Question

public class doublePrecision {
    public static void main(String[] args) {

        double total = 0;
        total += 5.6;
        total += 5.8;
        System.out.println(total);
    }
}

The above code prints:

11.399999999999

How would I get this to just print (or be able to use it as) 11.4?

Was it helpful?

Solution

As others have mentioned, you'll probably want to use the BigDecimal class, if you want to have an exact representation of 11.4.

Now, a little explanation into why this is happening:

The float and double primitive types in Java are floating point numbers, where the number is stored as a binary representation of a fraction and a exponent.

More specifically, a double-precision floating point value such as the double type is a 64-bit value, where:

  • 1 bit denotes the sign (positive or negative).
  • 11 bits for the exponent.
  • 52 bits for the significant digits (the fractional part as a binary).

These parts are combined to produce a double representation of a value.

(Source: Wikipedia: Double precision)

For a detailed description of how floating point values are handled in Java, see the Section 4.2.3: Floating-Point Types, Formats, and Values of the Java Language Specification.

The byte, char, int, long types are fixed-point numbers, which are exact representions of numbers. Unlike fixed point numbers, floating point numbers will some times (safe to assume "most of the time") not be able to return an exact representation of a number. This is the reason why you end up with 11.399999999999 as the result of 5.6 + 5.8.

When requiring a value that is exact, such as 1.5 or 150.1005, you'll want to use one of the fixed-point types, which will be able to represent the number exactly.

As has been mentioned several times already, Java has a BigDecimal class which will handle very large numbers and very small numbers.
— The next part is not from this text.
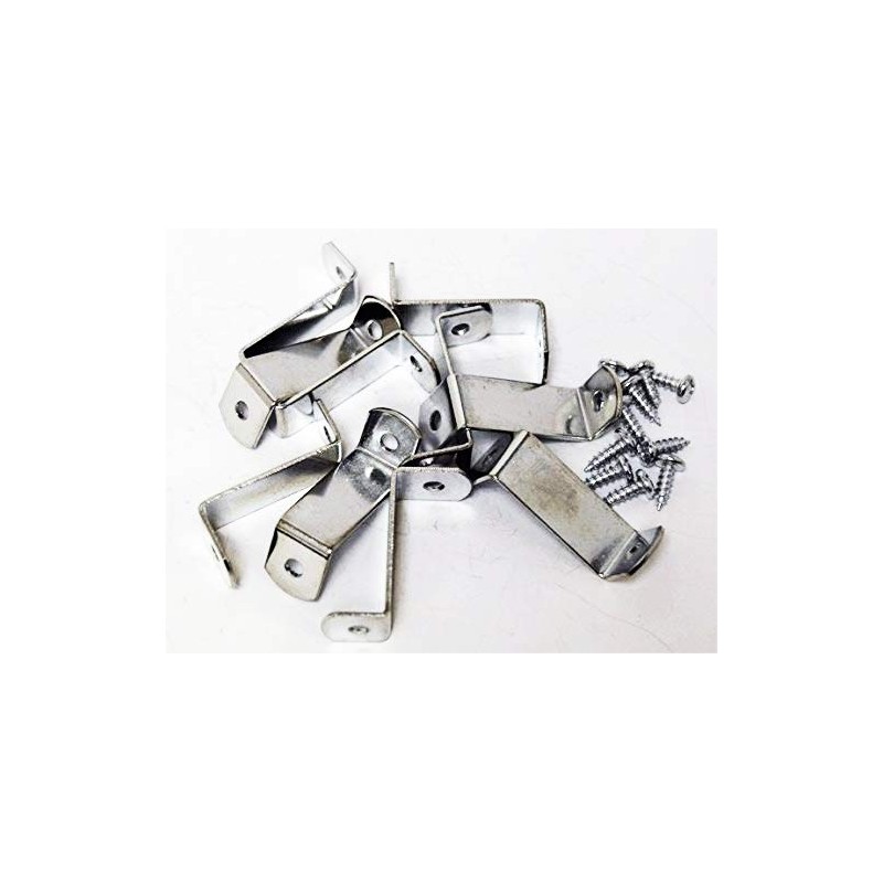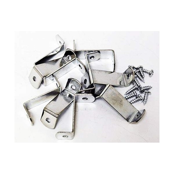 1.25" Zinc Plated Steel Offset Clips With 20 Screws Used for installing stretched canvas artwork into picture frames. Also known as canvas clips, z clips, frame clips, offsets, offset mounting clips. Each clip has 2 holes Each pack of 10 offset clips includes 20 3/8" x 6 gauge Phillips head screws.
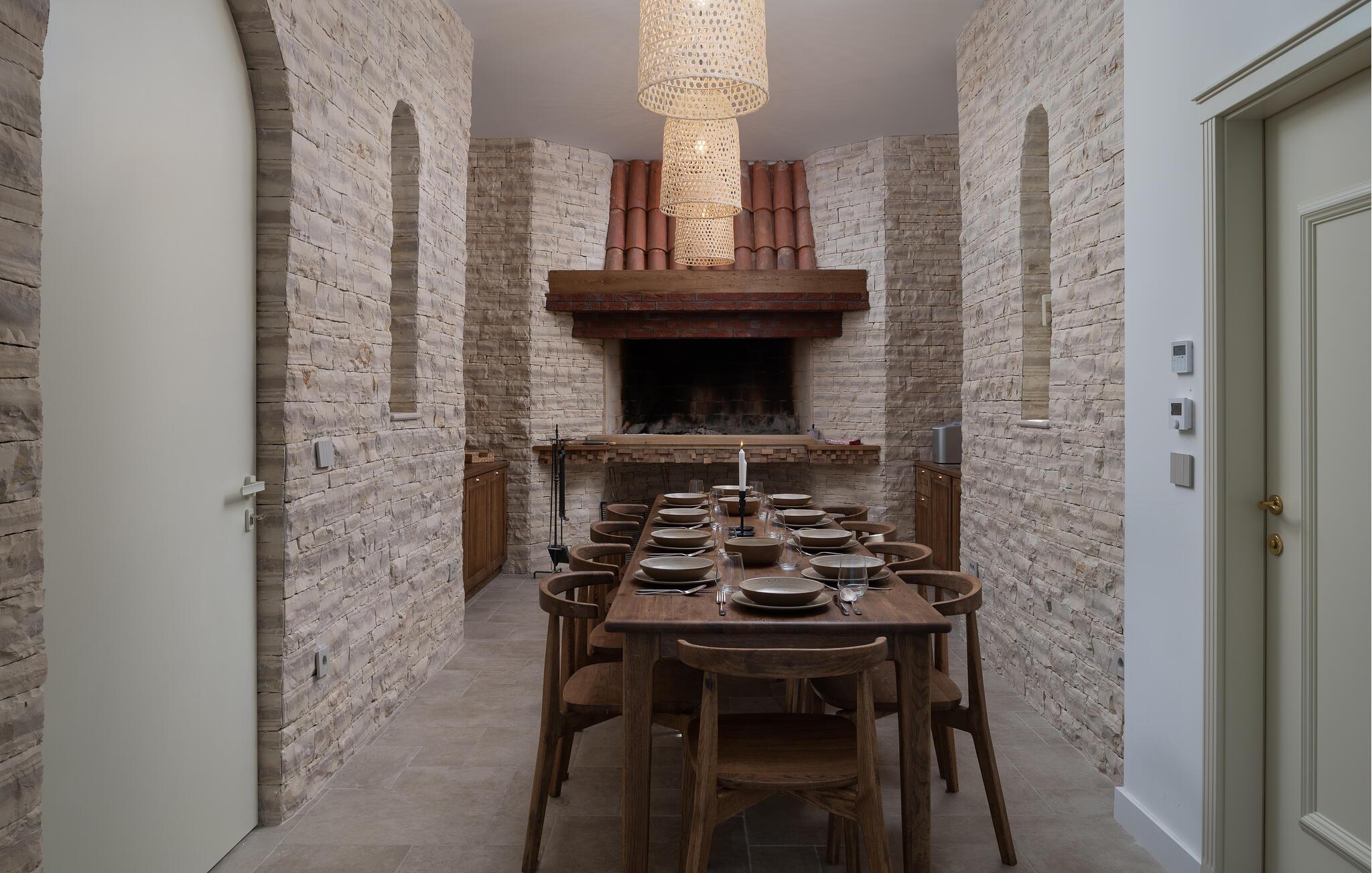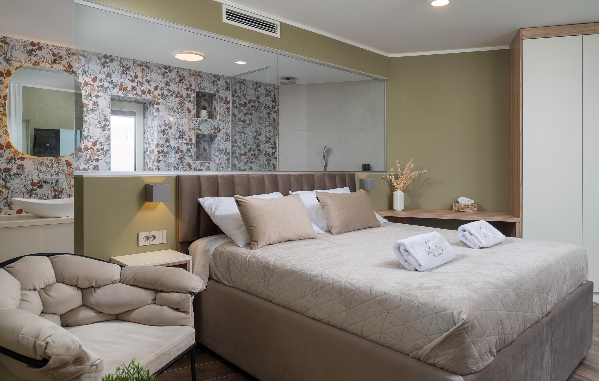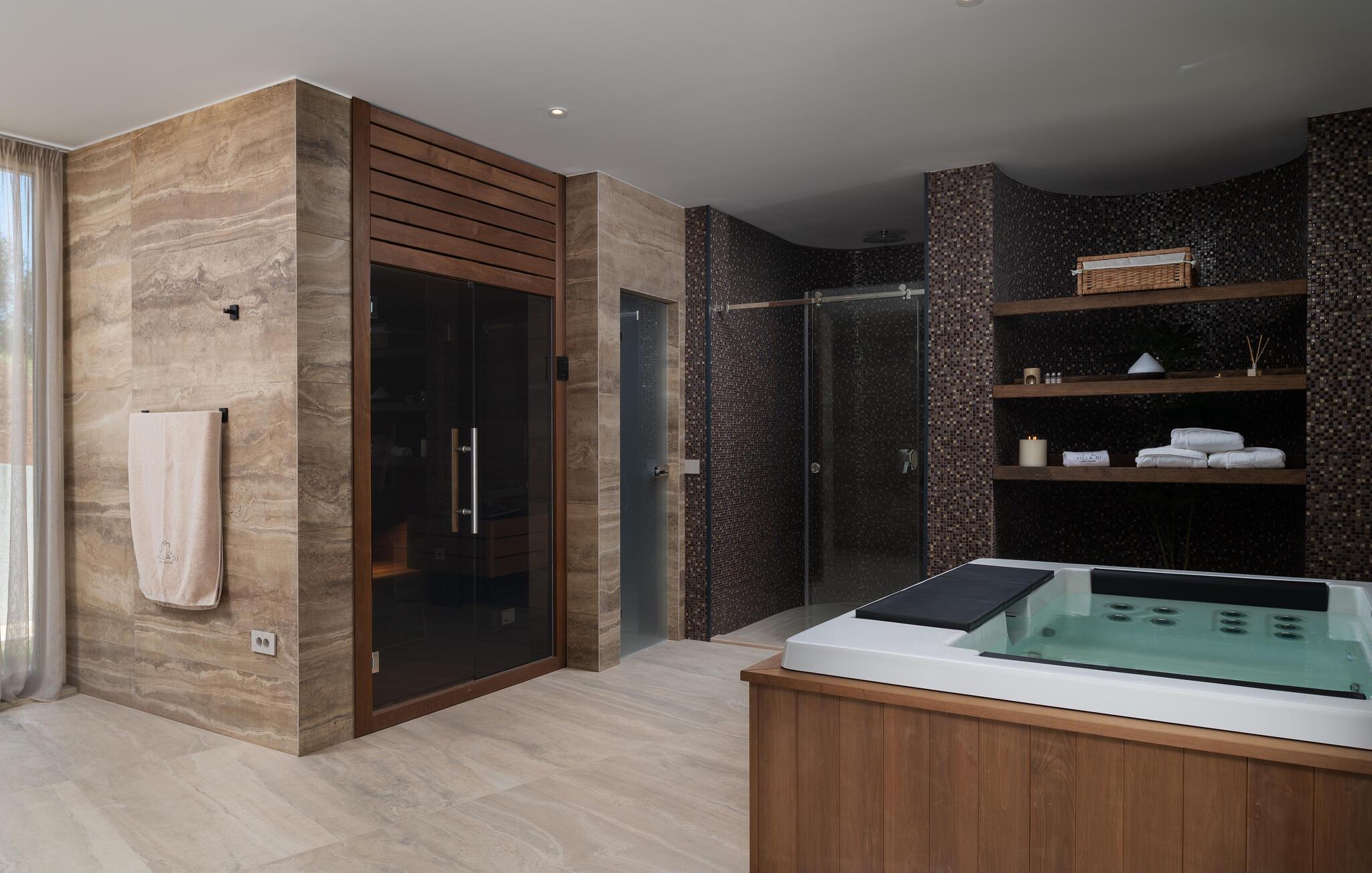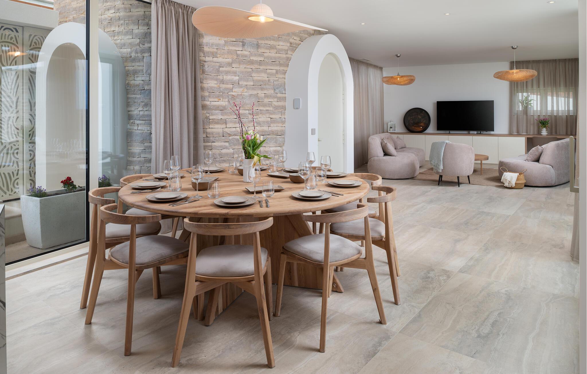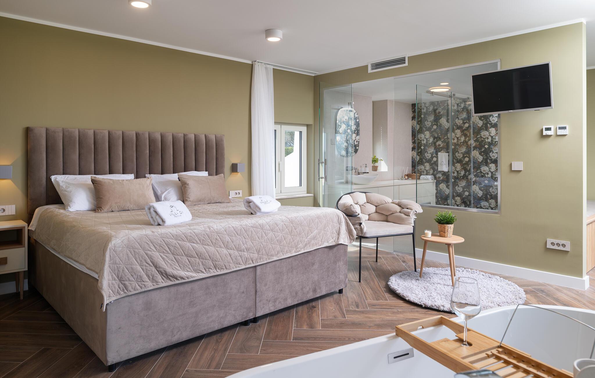 Dette moderne hus ligger i rolige omgivelser og byder jer velkommen med sin spændende arkitektur, der afspejler stilen fra de lokale kirker. Stilfulde designermøbler, natursten og varme trænuancer skaber en elegant, men indbydende atmosfære indenfor, der får jer til at føle jer hjemme. Det rummelige spa-område med sauna og spabad tilbyder den perfekte afslapning, og I kan nyde hyggelige aftener i villaens konoba (taverna).

From the Java API Reference for the BigDecimal class:

Immutable, arbitrary-precision signed decimal numbers. A BigDecimal consists of an arbitrary precision integer unscaled value and a 32-bit integer scale. If zero or positive, the scale is the number of digits to the right of the decimal point. If negative, the unscaled value of the number is multiplied by ten to the power of the negation of the scale. The value of the number represented by the BigDecimal is therefore (unscaledValue × 10^-scale).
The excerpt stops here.